The Weinstein Company Ralph Fiennes' "Coriolanus"

It was always your intention to play "Coriolanus," given that you had played the role onstage, but with this project that wasn't the case.

When I received the screenplay and it came with the proposal, "Would you like to direct and play Dickens?" I certainly wanted to direct. I felt a very strong impulse. I could see Dickens was a great role. But initially I said no, then after some time when they approached someone else, I said I could do it. I just couldn't resist. I kind of love Dickens. I know people will have a mixed reaction to him. I sort of carry a flag for him despite all his flaws and failings.

Why didn't you want to play him at first? Did you want the experience of solely directing, not having to worry about your performance?

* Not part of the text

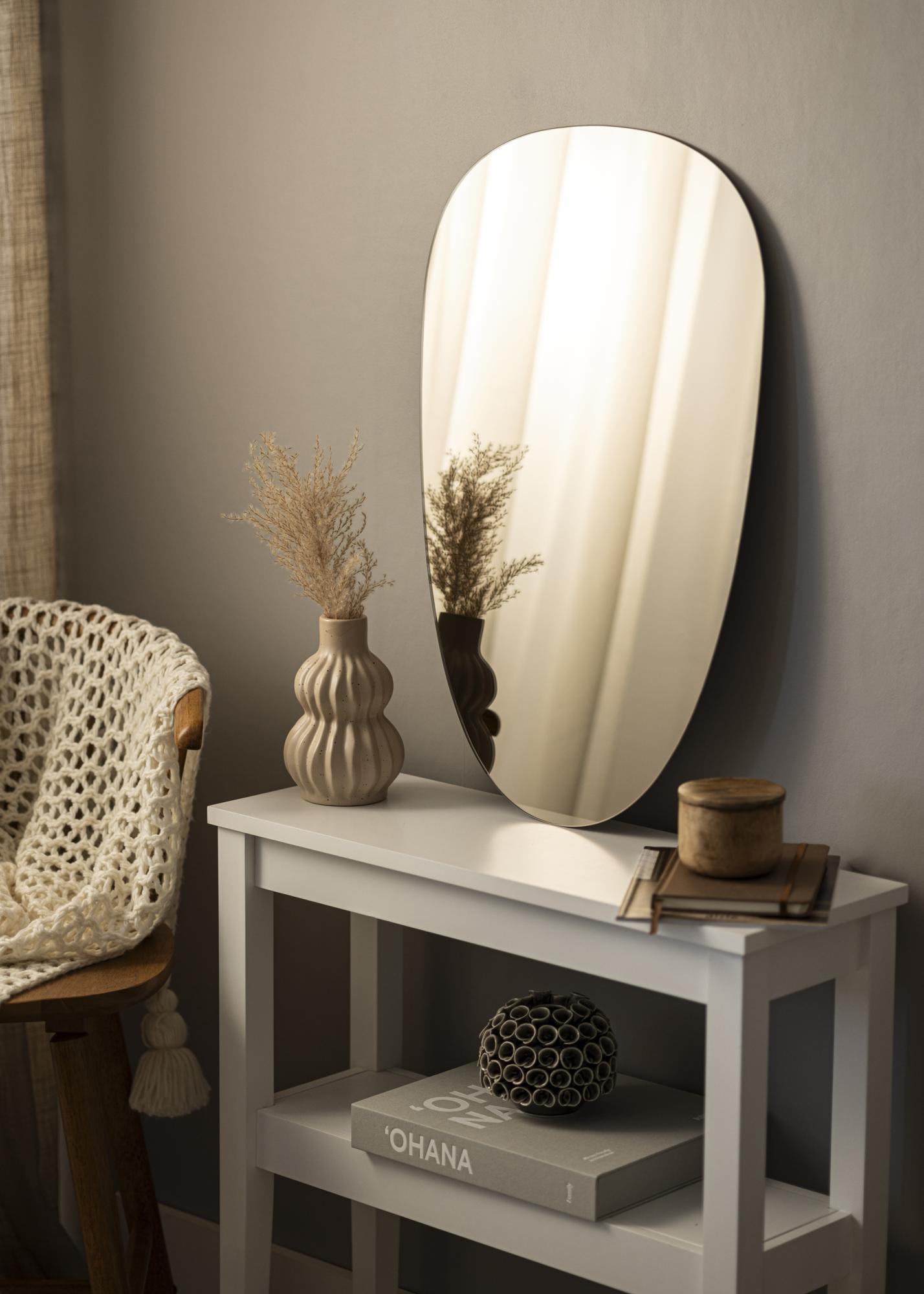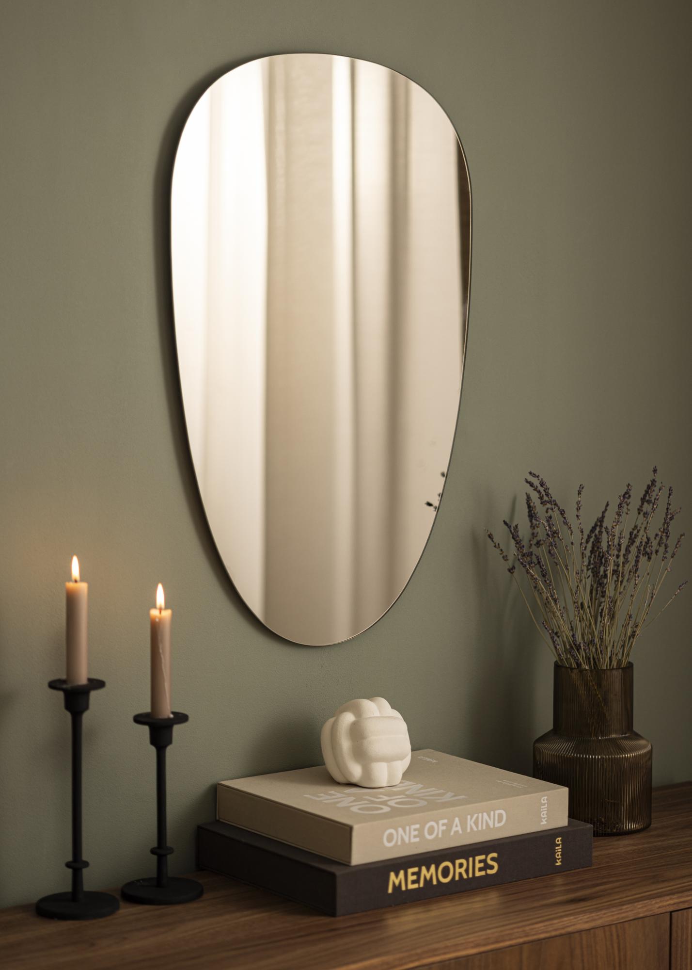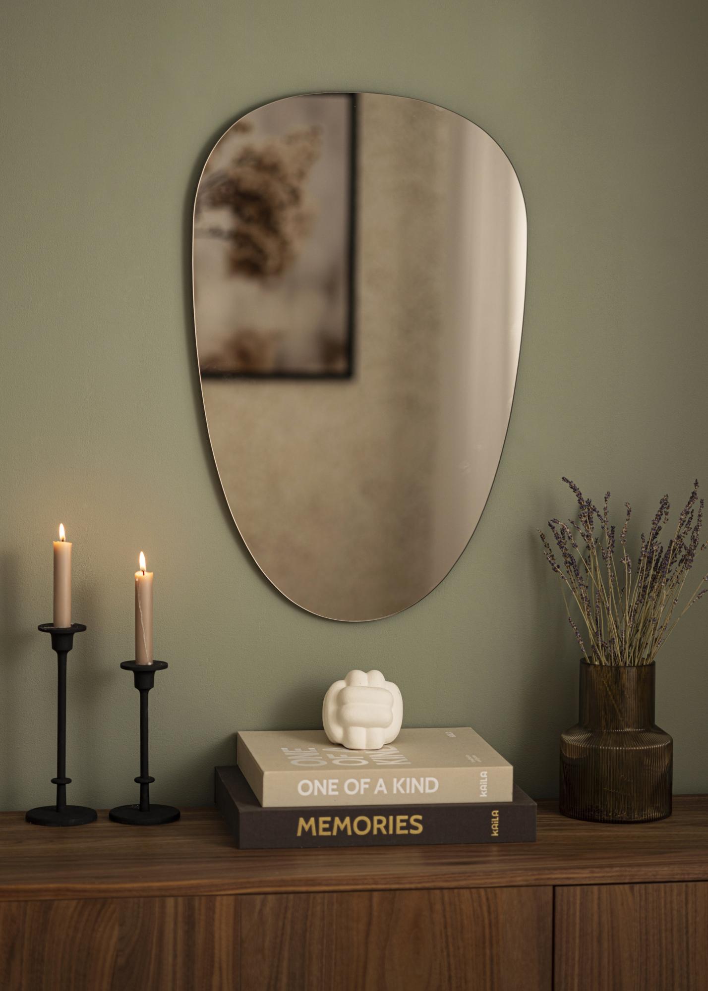 Ce miroir asymétrique aux formes douces et à l'aspect très élégant et tendance comporte un verre miroir teinté dans une élégante nuance de bronze foncé. Cela en fait un détail de décoration à l'effet assuré qui est facilement assorti à de nombreux schémas de couleurs différents. Le miroir est également très mince et n'a pas de cadre, ce qui amplifie son élégance et son allure tendance. Placez le miroir dans le vestibule, le salon, la chambre à coucher, ou dans n'importe quelle pièce où vous souhaitez ajouter de la fonctionnalité et un design nordique élégant !

Exactly that reason. I wanted that experience.

How did this experience differ from "Coriolanus." You act in this, but the film arguably belongs to Felicity Jones.

That helped. That's part of the reason I decided to act in it. It was still sometimes really hard to do both. To alternate between two different head spaces, even the memory of it just gives me a headache.

In the Hollywood Reporter's recent roundtable discussion with directors, they each spoke of how they shut off the outside world when on set. I can imagine the process is even more all-encompassing when doing all that you do.

It's a paradox, if that's the right word. Even when directing an actor has a certain element of contradiction, the total immersion in the world of the film and in Dickens, there's a point where they crossover. It was maybe also helped by the fact that Dickens was doing everything. Overseeing everything, that all sort of bled into the nature of who Dickens was. That was helpful. But I would love to direct a film and not be in it.

Anything in the works on that front?

Felicity Jones, The Invisible Woman

No, I'm going to take a long break.

Most actors hate watching themselves. How do you as a director edit your performance?

It's very painful. It's very, very painful. But there comes a point where you sort of cross over from the embarrassment and weird conflict to just going, "OK," and trusting your editor. Often it's back and forth, back and forth. I think I'm quite good at judging my own performance. Especially if I'm somehow mentally in the position of doing the whole thing. I had to do a bit of ADR the other day for something I'd done, and I really hated watching it. In Wes' film, I never wanted to see the takes. Not that he invited me. It was very useful discipline though, to have to assess and be responsible for your performance. 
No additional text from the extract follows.